WASHINGTON - A yellow ribbon -- ceramic to withstand the passage of time -- still hangs from the old oak tree in L. Bruce Laingen's front yard, a 30-year-old reminder of the Minnesota farm boy's ordeal as the highest-ranking diplomat among 52 U.S. Embassy workers held hostage in Iran for 444 days.
It dangles by a string as frayed as the memories of that Iranian hostage crisis, which introduced the United States to militant Islam.
To Laingen, now 87, little has changed in America's relationship over those years with that autocratic regime. As the 30th anniversary of the embassy takeover by radical Iranian students approaches Wednesday, three American hikers -- one who grew up in Minnesota -- are being held there without charges.
Laingen decries the regime's continuing failures: June's tainted elections, the brutal repression of protests and subsequent show trials.
Despite all of that, Laingen remains as certain as he was three decades ago that engaging with Iran is the right approach for the United States.
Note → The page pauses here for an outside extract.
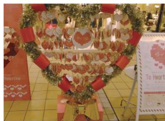
小さなハートが大きなハートになりました!

"I've been an advocate of engagement with Iran since the hour I left," Laingen said in an interview last week in his suburban Bethesda, Md., home. "I meant it then and I've said it ever since. I'm deeply grateful now that we're beginning to maybe talk to them."
To Laingen, ever the diplomat, that's not a slam on the more hawkish stance of former President George W. Bush, who included Iran in his Axis of Evil.
"He did what was possible at the time," Laingen said of Bush. "I don't believe he should have made any particular steps to acquiesce in what the Iranians were asking of us."